## PROVIDED INFORMATION
════════

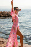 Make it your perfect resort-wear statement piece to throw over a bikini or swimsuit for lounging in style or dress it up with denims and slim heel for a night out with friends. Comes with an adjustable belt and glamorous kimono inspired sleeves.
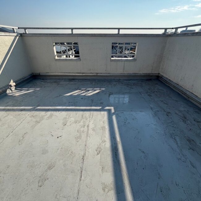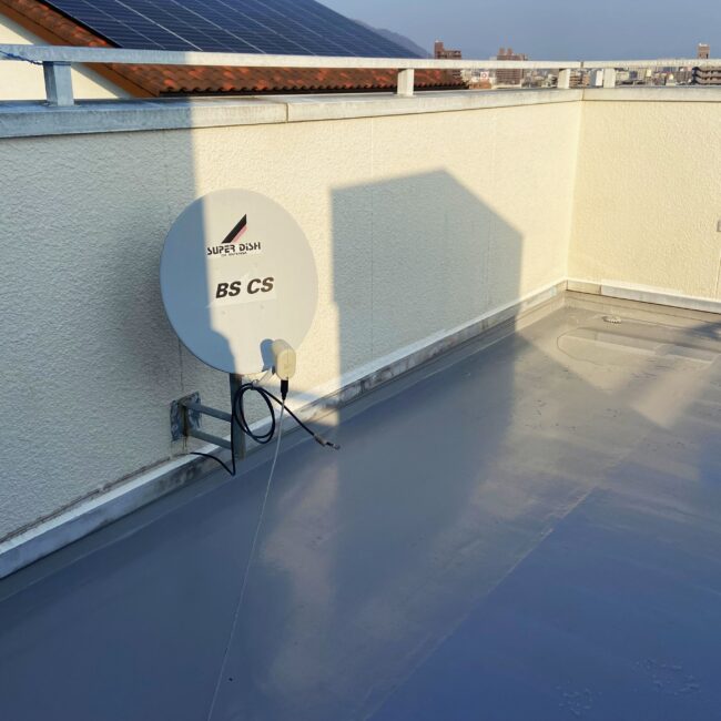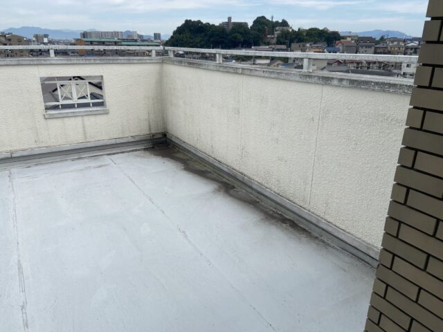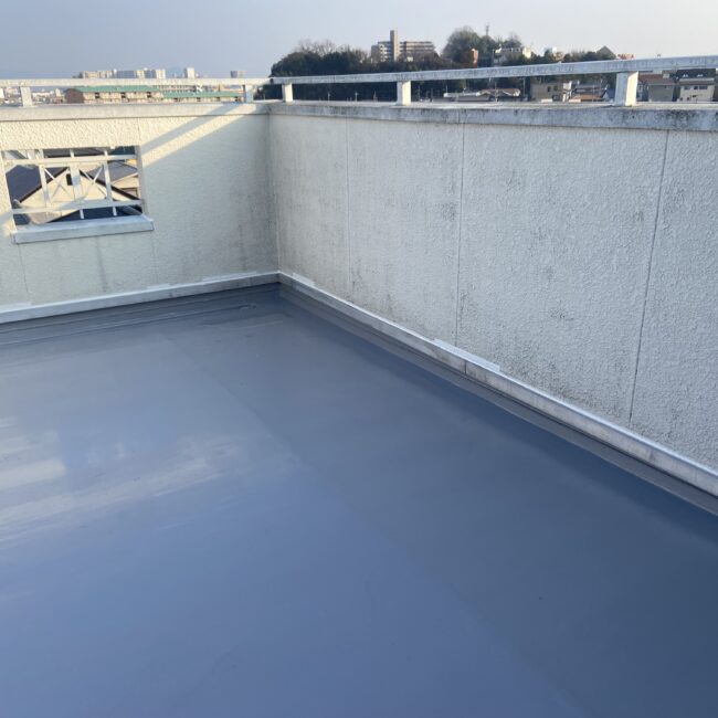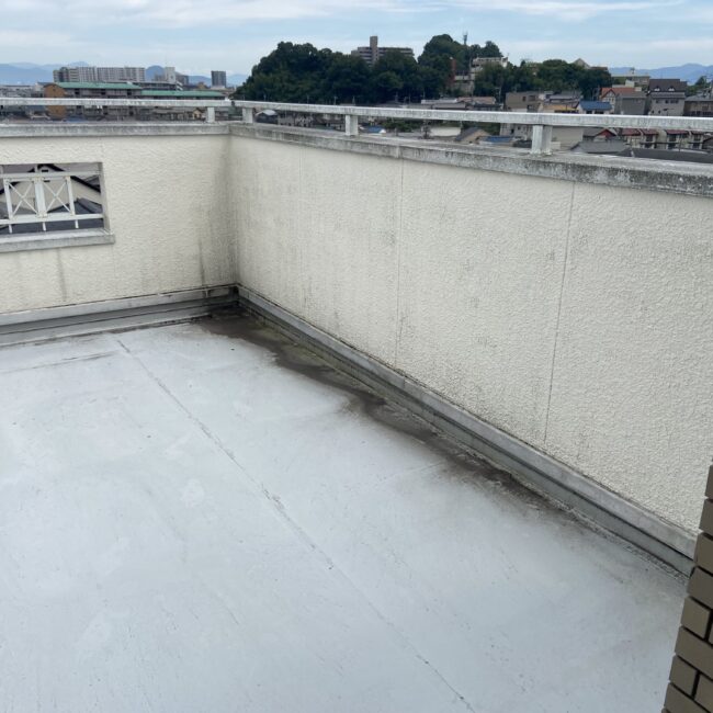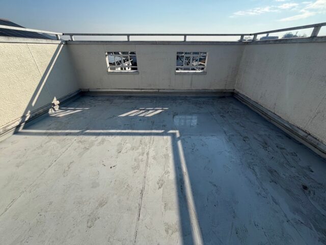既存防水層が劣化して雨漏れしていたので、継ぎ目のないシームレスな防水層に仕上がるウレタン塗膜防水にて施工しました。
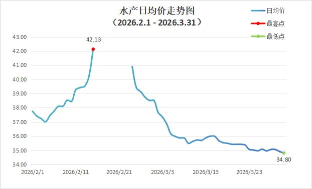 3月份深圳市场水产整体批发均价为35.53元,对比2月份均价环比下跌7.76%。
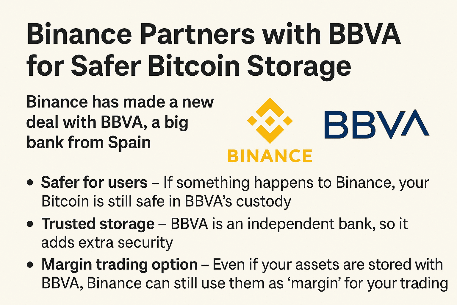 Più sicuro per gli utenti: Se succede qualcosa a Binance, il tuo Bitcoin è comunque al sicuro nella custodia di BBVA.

════════

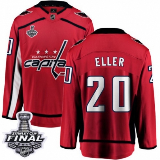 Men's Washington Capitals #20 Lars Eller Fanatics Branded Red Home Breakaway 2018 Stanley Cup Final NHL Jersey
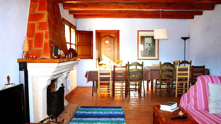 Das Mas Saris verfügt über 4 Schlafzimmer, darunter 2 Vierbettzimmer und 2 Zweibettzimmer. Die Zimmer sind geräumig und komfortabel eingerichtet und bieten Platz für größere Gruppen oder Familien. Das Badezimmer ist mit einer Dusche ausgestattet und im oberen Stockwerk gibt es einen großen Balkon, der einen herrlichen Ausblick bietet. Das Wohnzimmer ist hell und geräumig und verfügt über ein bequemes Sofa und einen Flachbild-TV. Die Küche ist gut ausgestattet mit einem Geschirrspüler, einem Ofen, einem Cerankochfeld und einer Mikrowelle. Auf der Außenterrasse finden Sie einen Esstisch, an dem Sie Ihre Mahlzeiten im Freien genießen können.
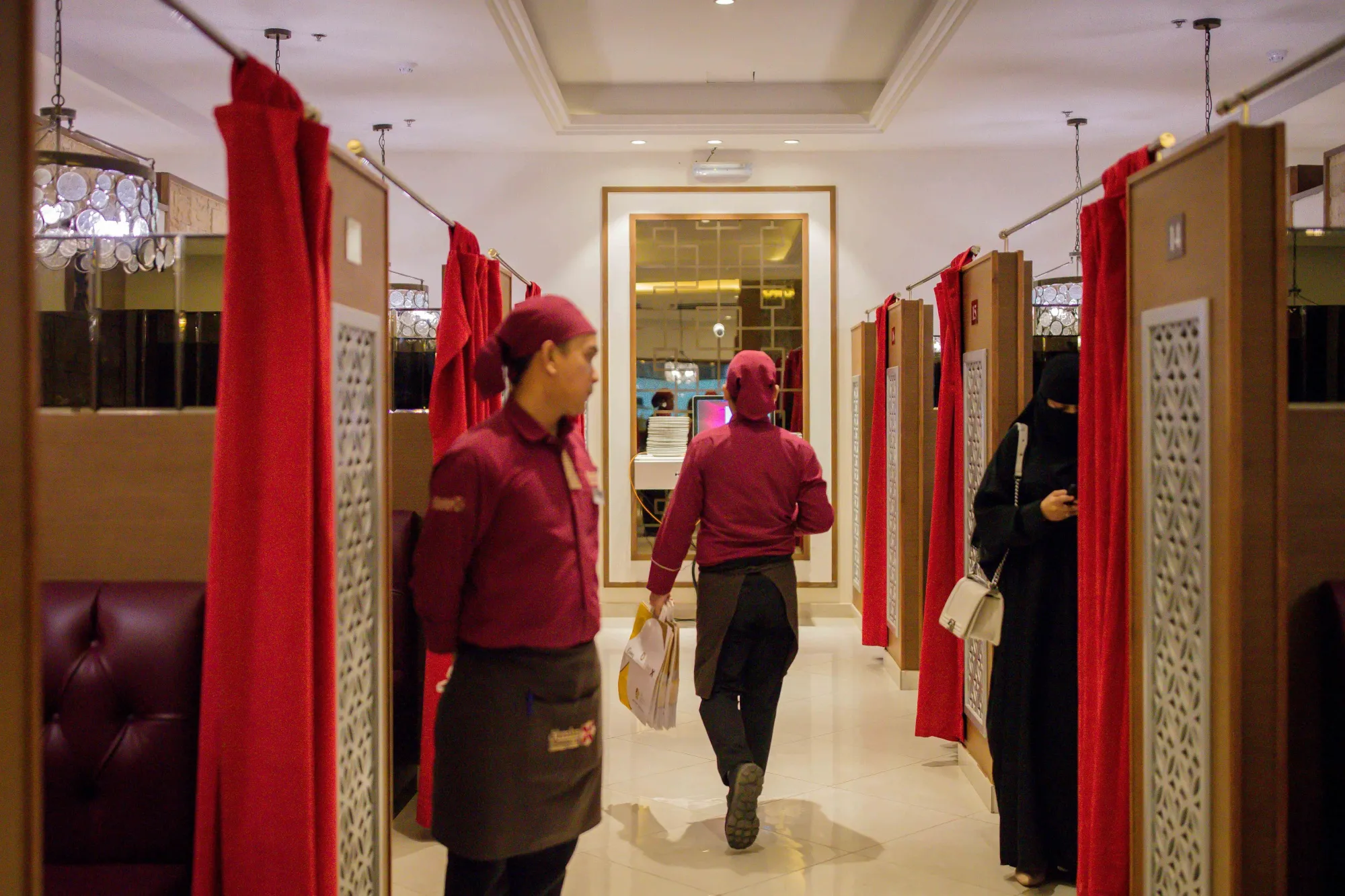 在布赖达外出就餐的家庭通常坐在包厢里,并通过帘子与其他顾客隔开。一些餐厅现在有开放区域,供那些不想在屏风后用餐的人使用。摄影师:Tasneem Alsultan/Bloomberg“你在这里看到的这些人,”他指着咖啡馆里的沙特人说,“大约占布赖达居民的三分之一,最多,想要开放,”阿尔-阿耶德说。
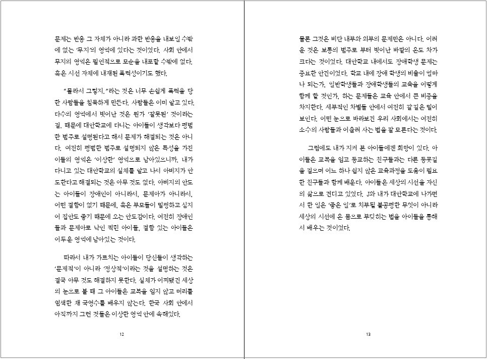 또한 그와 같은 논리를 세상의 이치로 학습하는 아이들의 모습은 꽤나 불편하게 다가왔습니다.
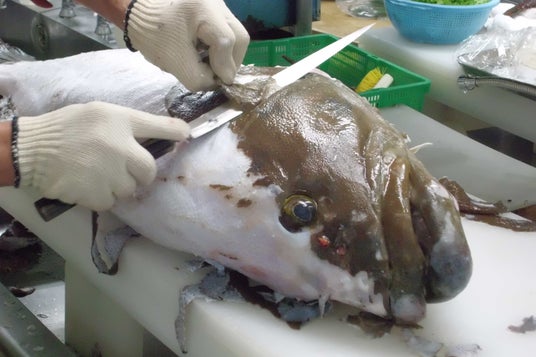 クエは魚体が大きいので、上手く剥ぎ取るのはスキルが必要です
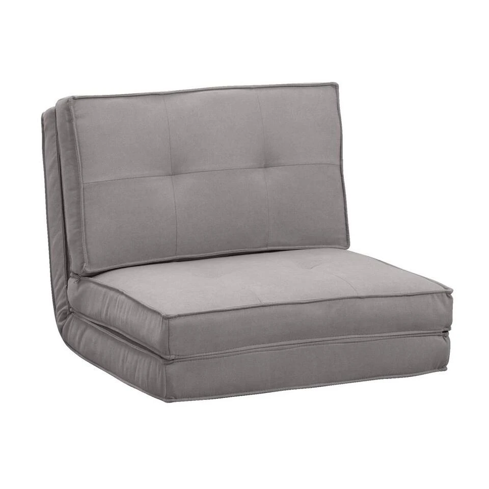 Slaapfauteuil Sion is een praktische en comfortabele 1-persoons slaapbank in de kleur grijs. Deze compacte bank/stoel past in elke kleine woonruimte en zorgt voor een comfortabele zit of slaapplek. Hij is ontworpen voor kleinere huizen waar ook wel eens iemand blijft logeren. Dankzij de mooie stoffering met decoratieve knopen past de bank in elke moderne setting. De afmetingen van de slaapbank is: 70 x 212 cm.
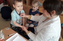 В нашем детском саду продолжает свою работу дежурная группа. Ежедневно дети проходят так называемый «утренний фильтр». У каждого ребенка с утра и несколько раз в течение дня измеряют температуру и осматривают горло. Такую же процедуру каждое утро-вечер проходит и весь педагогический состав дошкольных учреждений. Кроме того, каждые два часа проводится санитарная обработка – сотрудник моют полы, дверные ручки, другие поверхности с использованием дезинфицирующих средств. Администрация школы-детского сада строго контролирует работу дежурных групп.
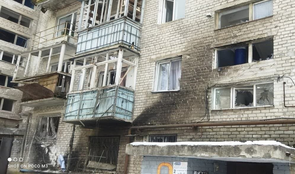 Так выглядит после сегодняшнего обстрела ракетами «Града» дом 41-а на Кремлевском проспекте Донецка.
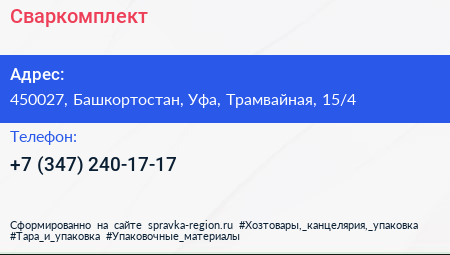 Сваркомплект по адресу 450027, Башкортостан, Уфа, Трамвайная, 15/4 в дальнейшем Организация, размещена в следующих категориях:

════════

## TASK TO CARRY OUT
From the records above, return exactly the lines running from the one that contains "Das Mas Saris" down to the one that contains "クエは魚体が大きいので、上手く剥ぎ取るのはスキルが必要です", both included, without any pictures.

## WRITTEN SOLUTION
 Das Mas Saris verfügt über 4 Schlafzimmer, darunter 2 Vierbettzimmer und 2 Zweibettzimmer. Die Zimmer sind geräumig und komfortabel eingerichtet und bieten Platz für größere Gruppen oder Familien. Das Badezimmer ist mit einer Dusche ausgestattet und im oberen Stockwerk gibt es einen großen Balkon, der einen herrlichen Ausblick bietet. Das Wohnzimmer ist hell und geräumig und verfügt über ein bequemes Sofa und einen Flachbild-TV. Die Küche ist gut ausgestattet mit einem Geschirrspüler, einem Ofen, einem Cerankochfeld und einer Mikrowelle. Auf der Außenterrasse finden Sie einen Esstisch, an dem Sie Ihre Mahlzeiten im Freien genießen können.
 在布赖达外出就餐的家庭通常坐在包厢里,并通过帘子与其他顾客隔开。一些餐厅现在有开放区域,供那些不想在屏风后用餐的人使用。摄影师:Tasneem Alsultan/Bloomberg“你在这里看到的这些人,”他指着咖啡馆里的沙特人说,“大约占布赖达居民的三分之一,最多,想要开放,”阿尔-阿耶德说。
 또한 그와 같은 논리를 세상의 이치로 학습하는 아이들의 모습은 꽤나 불편하게 다가왔습니다.
 クエは魚体が大きいので、上手く剥ぎ取るのはスキルが必要です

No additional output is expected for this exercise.